In short, all marches well here.  I am working and growing and experiencing all of the pains and pleasures that come with each.  It´s a constant rollercoaster ride, this peace corps life, but I am loving it just the same.  To be honest  I struggle most when I leave and then come back again--it´s hard to readjust.  The modern world has some strange affect on me, and when I re-settle at home I always pass a few days dazed and confused and jetlagged.  After a few rough mornings I sink back into the comfort of village life, complete with green mangos, nonstop social interaction, dirt from my head to my toes that never seems to wash away, a million giggling children that never grow bored of me, and all is great until my next interruption. 
 
Instead of telling you about all the work and the water and the scenery and whatever else I usually tell you about, this letter, I´m going to tell you a story... it´s not a happy story, so don´t get your hopes up.  it´s a true story though and i´d like to share it with you. hope you enjoy.
 
 
Maria de la Cruz.
 
A new day and little Yeli is waiting for me outside the door again.  It´s 6:30 in the morning on a school day.  I can hear her water tanks clinking, though she doesn´t say a word.  It doesnt matter how many times I tell her to just go check to see if there is water in the faucet and if there is to go ahead and fill up with asking-- she still waits silently outside my door.  Most days there is no water, but she comes anyway, and in the event that there is, she fills the tanks and then waits for Maria de la Cruz to come haul the tanks up the hill on her head. 
 
Maria de la Cruz is her mother, and she is also my neighbor.  On Tuesday two of her 9 children showed up on my patio with a slice of papaya and that look they always give me when they really came to ask for something but are too shy to just say it.  I ask Yeli what she wants and she tells me it´s her mom´s birthday, and could she please use my colored pencils and some paper to make a card.  Of course I give her a big sheet of red construction paper and I cut it in the form of a big heart for her, and she goes to work.  Maria de la Cruz is 42 years old and has 7 grandchildren.  Her children and grandchildren are at my house almost daily, which at times can be inconvenient but I don´t have the heart to send them home.  I know what home means for them.  For one thing, everyone in the community knows that Isaiah beats Maria de la Cruz.  Yelizabeth tells me about the times when he has hit her with liquor bottles, leaving enormous egg-sized welts on her body.  One night, Yeli says casually as she washes her baby sister in a bucket on my front porch, they both grabbed machetes and threatened to kill each other, so Yeli took the baby out to play by the mango tree.  I tell her she did the right thing, and that it´s not okay that her dad hits her mom, and then I continue washing my clothes, but my mind wanders and my heart sinks. 
 
Crucita, the older sister arrives and stands over me, her belly swollen although her breasts are still not fully formed.  She is 15 years old and pregnant with her second child.  I don´t want to make hasty assumptions but I cannot help but to speculate as to how Crucita first became pregnant at the age of 13 in a culture where young women are not allowed to go out with men alone.  I don´t want to make hasty assumptions but I find it odd that Crucita lives unmarried in the neighboring community of Las Playitas with her sister rather than at home.  Could it be the father again?
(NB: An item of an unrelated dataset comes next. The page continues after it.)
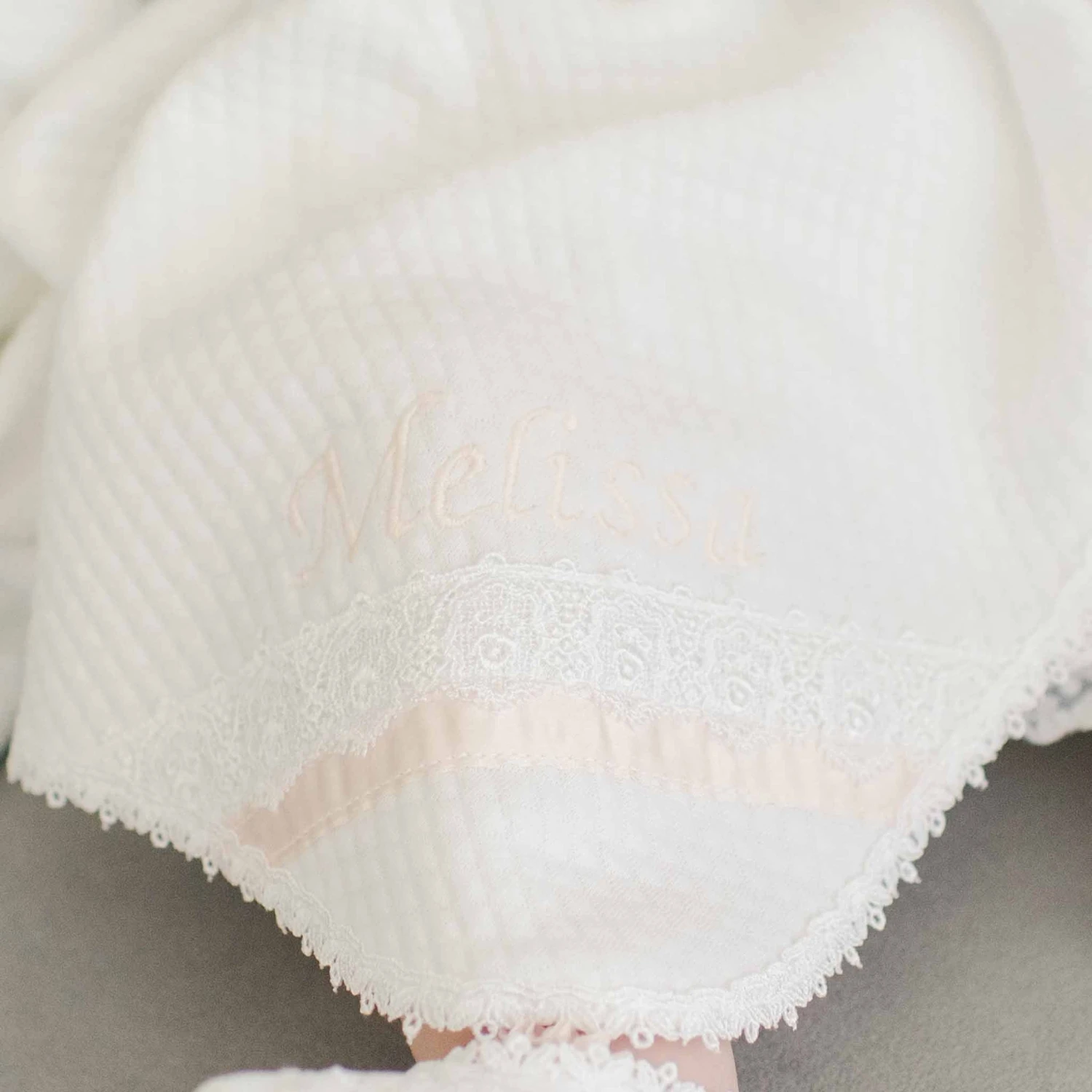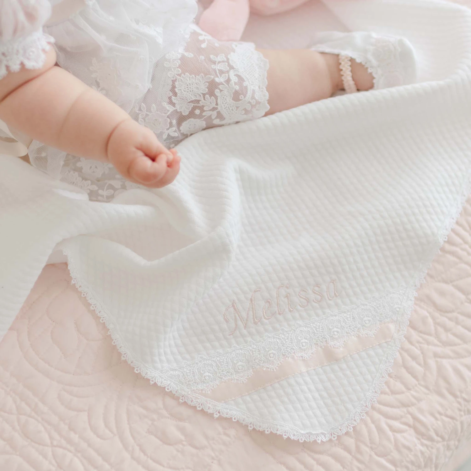 A beautiful addition to her Melissa outfit. This blanket is made of our soft, 100% quilted textured cotton in white. Venice lace trim borders all the way around. Pretty accent corner with a beautiful lace and soft pink silk ribbon. Add that extra special something to any outfit or her Christening Gown.
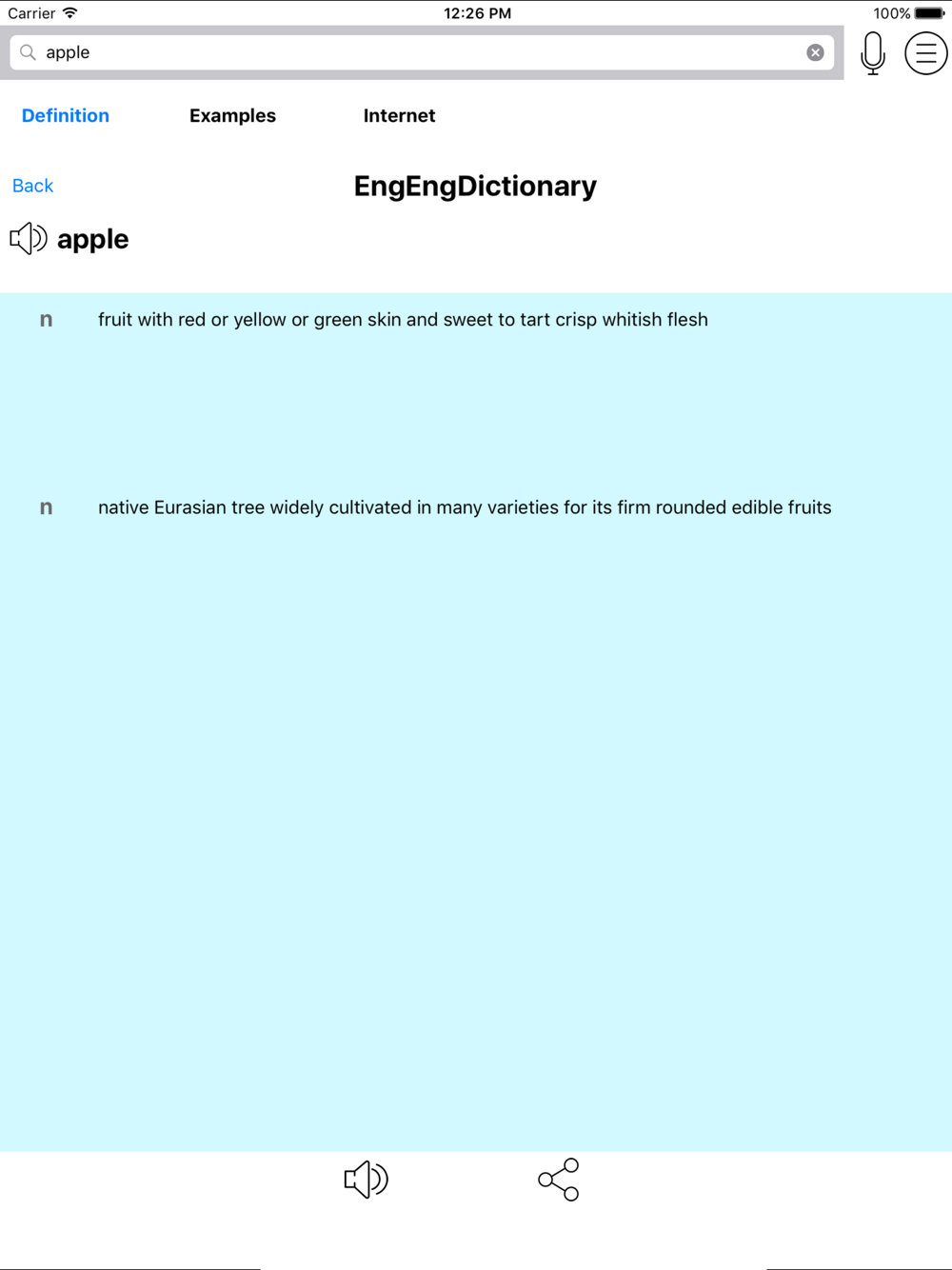 The application allows you to search and browse words and phrases in a huge and complete thesaurus. Other than basic dictionary function, English English dictionary also offers extra possibilities: audio pronunciations, example sentences, and more for your daily usage.

I dont want to speculate anymore.  I continue washing clothes.  Maybe if I scrub harder these terrible thoughts, too, will wash away.
 
I´d like to think that I could talk to Maria de la Cruz about all this.  In the US I could tell her that she has the right and power to report this, that there are agencies and people who can help her.  But here, metido in the campo of Panama, I know that we are too far in the thick of it for anyone to save her.  And she knows it.  Here without cell phone service, with a road that is only passable for certain months of the year, what agency would possibly be able to help?  And what would become of the 16 children who depend on her for food and shelter and safety?  And what would become of her extended family that stays behind to deal with the fury of Isaiah?  And what would become of me, the neighbor who enticed her to escape?  It´s not only a bad idea, it´s an impossible one. 
 
All I can think to do is fill the water tanks for Yeli and carry them up the hill when I have time, let her and the rest of her siblings stay late at my house to read stories (especially on the nights when Isaiah is drunk), and give them left over vegetables to take home when I leave town.  It pains me to know I cannot fix this family, nor can I make their lives any safer, but there´s something to be said for being a good neighbor, so I do my best.